TASK DESCRIPTION -
The answer is an exact copy of the lines from the one with "Elevate your wardrobe" to the end of the listing below, pictures left out.

EXERCISE MATERIAL -
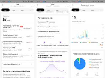 На главном экране отображается краткая сводка за день: активность, частота пульса, уровень кислорода, тренировки, уровень стресса, индекс PAI, оценка сна и так далее. Часть данных будет «подтягиваться» с браслета, другие придется либо вводить вручную, либо использовать дополнительные совместимые девайсы, например, умные весы. Для синхронизации, достаточно просто выполнить смахивание вниз, а прикосновение к каждому пункту выведет расширенные сведенья, где можно также проанализировать информацию за определенный промежуток времени. Здесь все построено четко и логично. В других разделах собраны различные настройки гаджета.
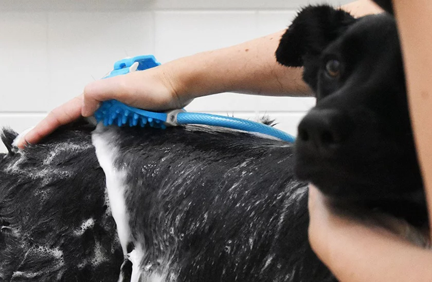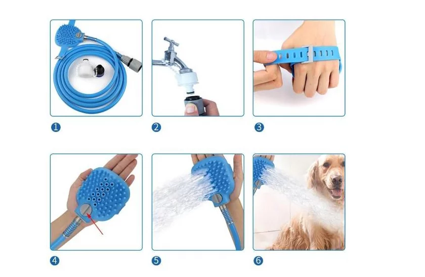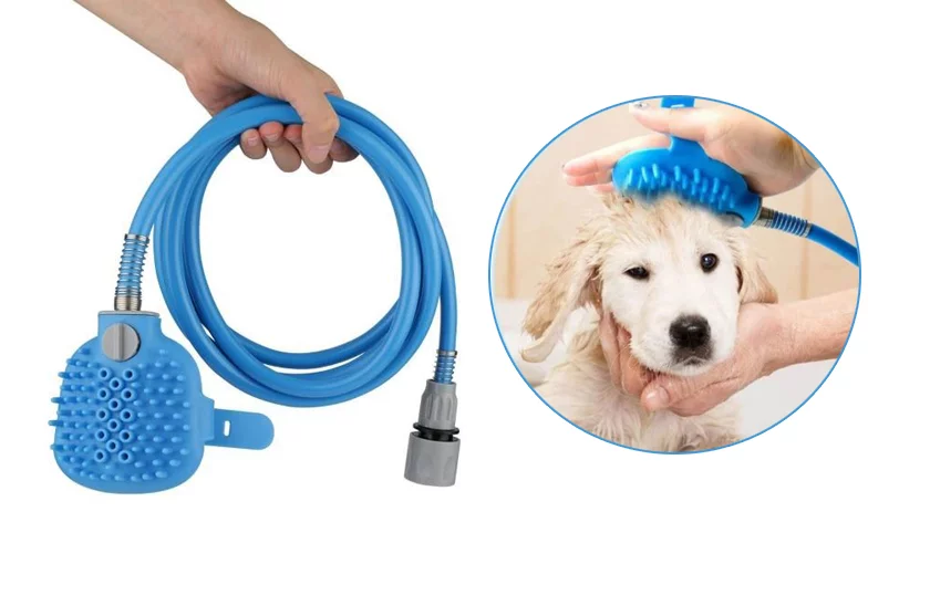 Oferiți animalului de companie un duș înviorător și, în același timp, un masaj excelent! Dușul se racordează la o sursă de apă sau la bateria din baie. Dușul este prevăzut cu o perie de spălat care are niște proeminențe ce masează plăcut pielea.
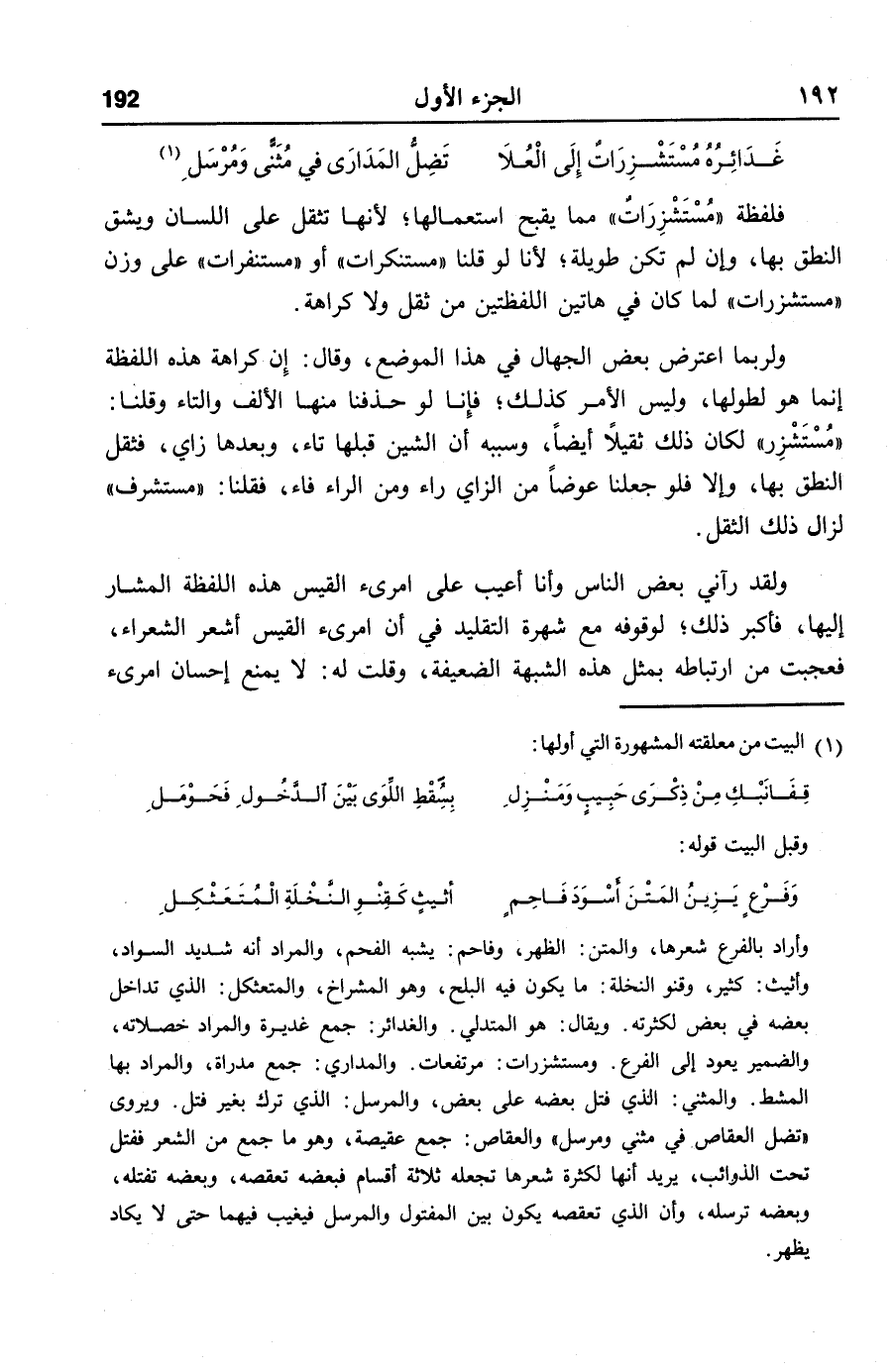 ولقد رآني بعض الناس وأنا أعيب على امرئ القيس هذه اللفظة المشار إليها، فأكبر ذلك؛ لوقوفه مع شهرة التقليد في أن امرئ القيس أشعر الشعراء، فعجبت من ارتباطه بمثل هذه الشبهة الضعيفة، وقلت له: لا يمنع إحسان امرئ
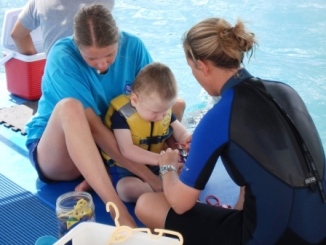 Leider verläuft das Schwimmen nicht wie gewünscht, denn Papito hat keine Lust auf uns. Er schwimmt immer zu seiner ebenfalls im Therapiebecken anwesenden Mutter Geegee. Wir sind sehr frustriert und enttäuscht, haben aber einen ersten Eindruck wie sich ein Delfin anfühlt. Man kann es nicht beschreiben, auf jeden Fall ein tolles Gefühl.
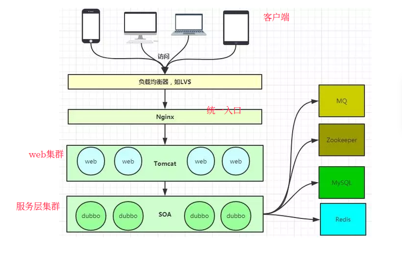 堡垒机做统一的代理转发,客户端(pc,移动端等)访问由nginx统一暴露的入口nginx反向代理,负载均衡到web服务器,由tomcat组成的集群,web层仅仅是作为接口请求的入口,没有实际的业务逻辑web层再用rpc远程调用注册到zookeeper的dubbo服务集群,dubbo服务与数据层交互,处理业务逻辑
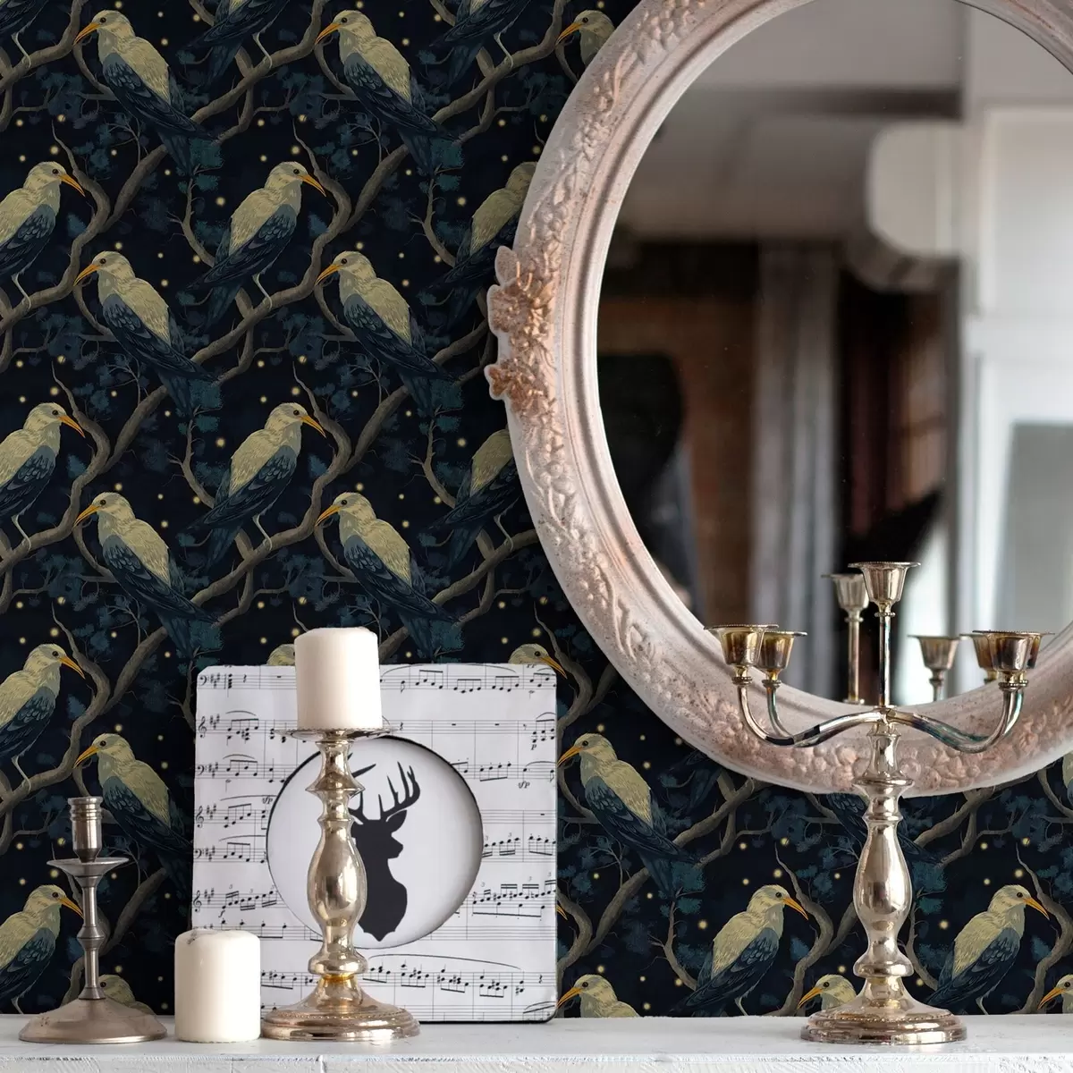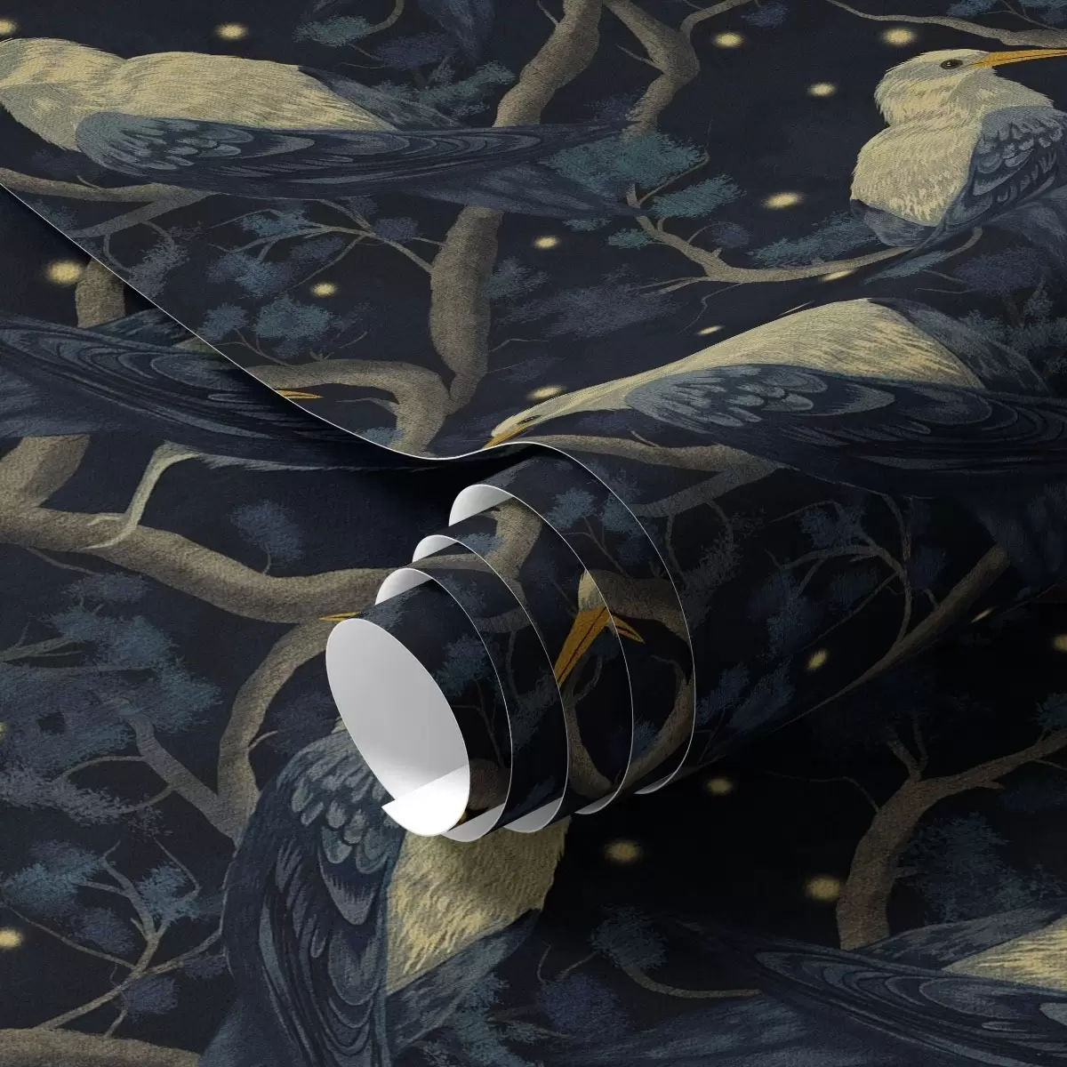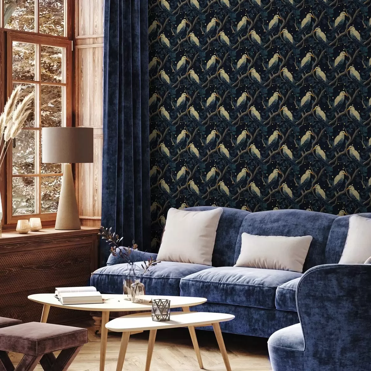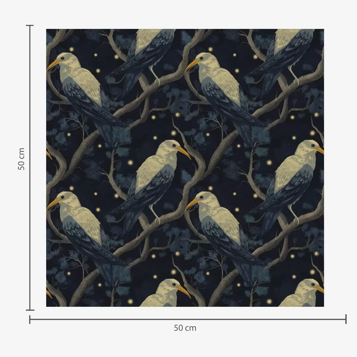 Papel de parede Pássaros noturnos em galhos e estrelas em um fundo azul escuro Nr. a00109v1
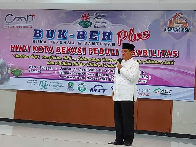 Bapak Siswadi dan Ibu Revita Alvi Ketua Umum HWDI menyerahkan secara simbolis, santunan penyandang disabilitas di Islamic Center Kota Bekasi Rabu (15/04/2022). Tausiyah disampaikan Bapak Ustadz H Azmi Daud.
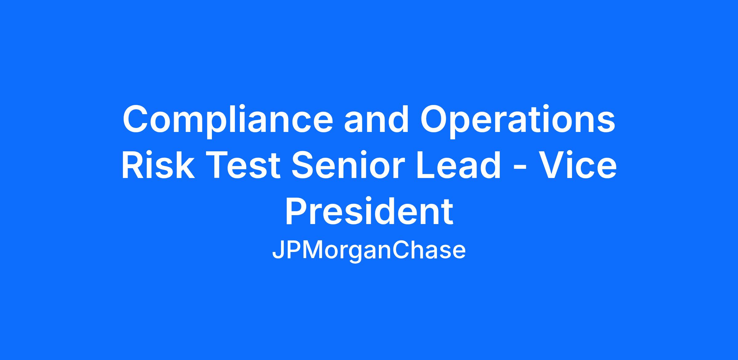 DescriptionBring your expertise to JPMorgan Chase. As part of Risk Management and Compliance, you are at the center of keeping JPMorgan Chase strong and resilient. You help the firm grow its business in a responsible way by anticipating new and emerging risks, and using your expert judgement to solve real-world challenges that impact our company, customers and communities. Our culture in Risk Management and Compliance is all about thinking outside the box, challenging the status quo and striving to be best-in-class.
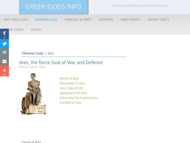 This site focuses on Ares, the Olympian god of war and defense and figure behind violence. It provides biographical information, background, English and Greek pronunciations of his name, other titles, pictures, myths, and his places of...
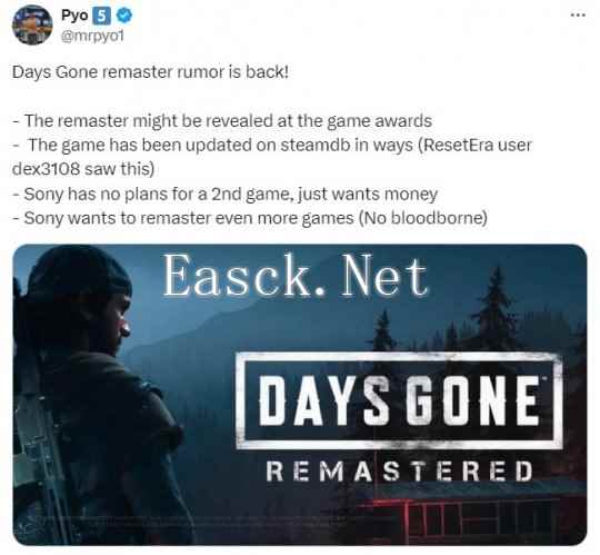 最近网上有爆料称,索尼计划重制或复刻《往日不再》,将登陆PC/PS5。虽然索尼目前并未确认,但指向这一消息的迹象日益明显。
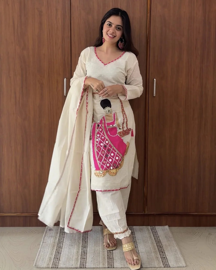 Elevate your wardrobe with our Premium Embroidery Kora Cotton Suit Set, a perfect blend elegance and comfort.
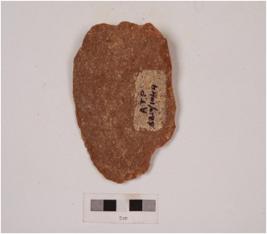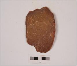 | Description / विवरण | An end scraper made on quartzite side struck flake with flake scars on the side and cortex on the other side with irregularly retouched edges. |
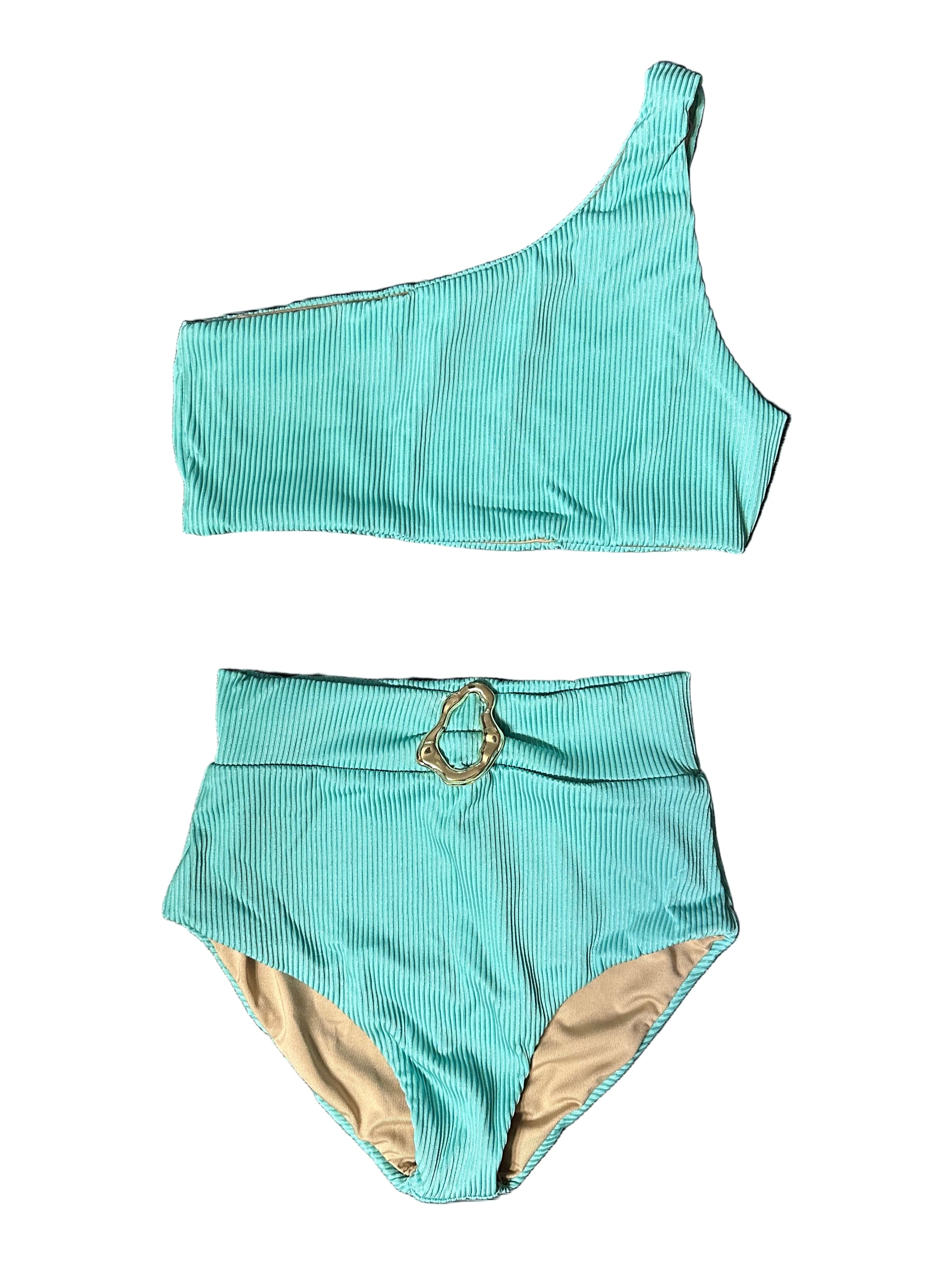 Dalai Teen Girls Green Grass One Shoulder Bikini

YOUR RESPONSE -
 Elevate your wardrobe with our Premium Embroidery Kora Cotton Suit Set, a perfect blend elegance and comfort.
 | Description / विवरण | An end scraper made on quartzite side struck flake with flake scars on the side and cortex on the other side with irregularly retouched edges. |
 Dalai Teen Girls Green Grass One Shoulder Bikini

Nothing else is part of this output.